[Data excerpt Boundary: Start]

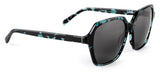 Extra! Extra!: Claremont 02 features a polished aquamarine tortoise acetate frame and extra dark lenses with polished onyx side inlays to complete the look.
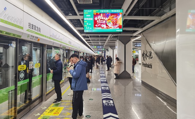 車廂內(nèi)冠名——到站 (單向):貴州銀行(8個(gè)字內(nèi))提醒您,竇官站到了,右側(cè)車門將會(huì)打開,下車時(shí)請(qǐng)注意列車與站臺(tái)之間的空隙。
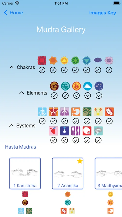 Gallery - shows all Mudras images organized by group families. You can select Mudras associated with specific Chakras, Elements and Systems.

[Data excerpt Boundary: End]

◆ **Task objective**: Copy the listing above verbatim; the pictures it contains are to stay out.

◆ **Solution**:
 Extra! Extra!: Claremont 02 features a polished aquamarine tortoise acetate frame and extra dark lenses with polished onyx side inlays to complete the look.
 車廂內(nèi)冠名——到站 (單向):貴州銀行(8個(gè)字內(nèi))提醒您,竇官站到了,右側(cè)車門將會(huì)打開,下車時(shí)請(qǐng)注意列車與站臺(tái)之間的空隙。
 Gallery - shows all Mudras images organized by group families. You can select Mudras associated with specific Chakras, Elements and Systems.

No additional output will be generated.